Samrat Karnik – Managing Director

Samrat Karnik, Managing Director, has 15 years of middle-market corporate finance advisory experience across the full spectrum of advisory assignments. He works with industrial technology companies, with a particular focus on those in the instrumentation & sensors, industrial software & informatics, automation & control, energy efficiency and water & environmental technology sectors. Prior to joining Headwaters MB, Samrat was a senior banker in the M&A and Industrial Groups of both Duff & Phelps and Houlihan Lokey where he was responsible for covering and providing investment banking advisory services to companies in the Industrial and Environmental Technologies sectors. Prior to Houlihan Lokey, he was an Associate at The Nassau Group, and began his investment banking career at Berenson Minella, a boutique M&A and restructuring advisory firm. Samrat is also a Co-founder and Head of Strategy for Dreambox Emergence, which is a social enterprise focused on bringing the benefits of and access to 3D printing / additive manufacturing technologies to remote, underdeveloped communities globally. He received his B.S. from the Leonard N. Stern School of Business at New York University.

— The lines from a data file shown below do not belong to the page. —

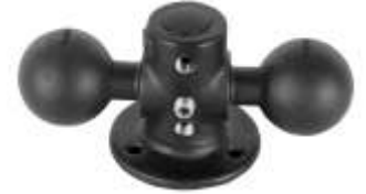
RAM-217-1U RAM DOUBLE BALL WITH 2.5" BS & 5/8" HOLE
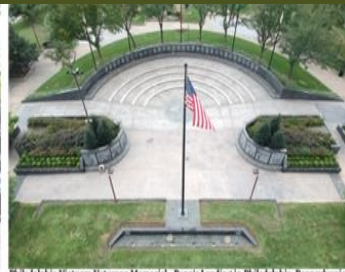
Philadelphia Vietnam Veterans Memorial, Penn's Landing in Philadelphia, Pennsylvania
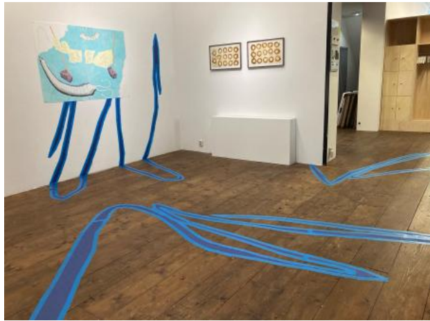
The myth of the silverfish pt. 1, 2022 Drawing, print, publication, animation, and spatial installation, variable
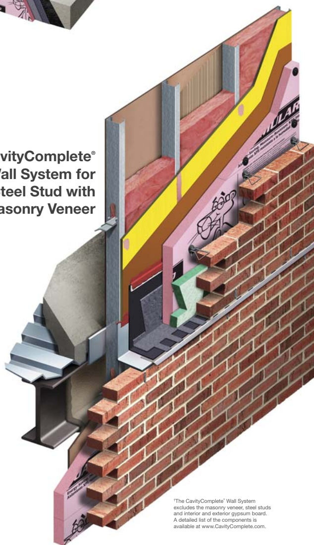
CavityComplete® Wall System for Steel Stud with Masonry Veneer

*The CavityComplete® Wall System excludes the masonry veneer, steel studs and interior and exterior gypsum board. A detailed list of the components is available at www.CavityComplete.com .
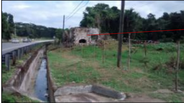
Photo 4: Water wheel and barb wire fence placed around it.

Email: [email protected] Telephone (direct): 203.813.3880 x 208 Telephone (alternate): 303.531.4601

CJ Hummel – Managing Director

Email: [email protected] Telephone (direct): 303.217.5743

C.J. Hummel is a Managing Director in Headwaters’ Energy & CleanTech Group. He brings 15 years of experience in project finance, mezzanine finance and private equity investing in the development and acquisition of energy infrastructure assets. C.J. has particular expertise in tax equity and project financing for various sectors in the energy industry including infrastructure, power generation (both conventional and renewable), alternative fuels and downstream assets. His most recent transactions include the sale of Marubeni Sustainable Energy’s 70 megawatts of biomass and co-generation assets to Korea East-West Power Company, the convertible tax equity raise for the conversion of Mt. Poso Cogeneration Company’s 49.5 megawatt coal-fired power generation plant to burn 100% biomass, the equity and debt formation for the acquisition and refurbishment of Global Ampersand’s two 12.5 megawatt biomass power generation facilities and the bond financing for the construction of a 4.7 megawatt run-of-river hydroelectric facility for Bowersock Mills & Power Company. Prior to joining Headwaters MB in 2007, C.J. was a founding member of Galena Capital playing a key role investing over $100 million in the acquisition and restructuring of four companies. Prior to Galena, he served a Senior Vice President for Alliant Energy Generation and Vice President for El Paso Corporation’s EP Power Finance private equity arm. C.J. holds a B.S. from the University of Denver.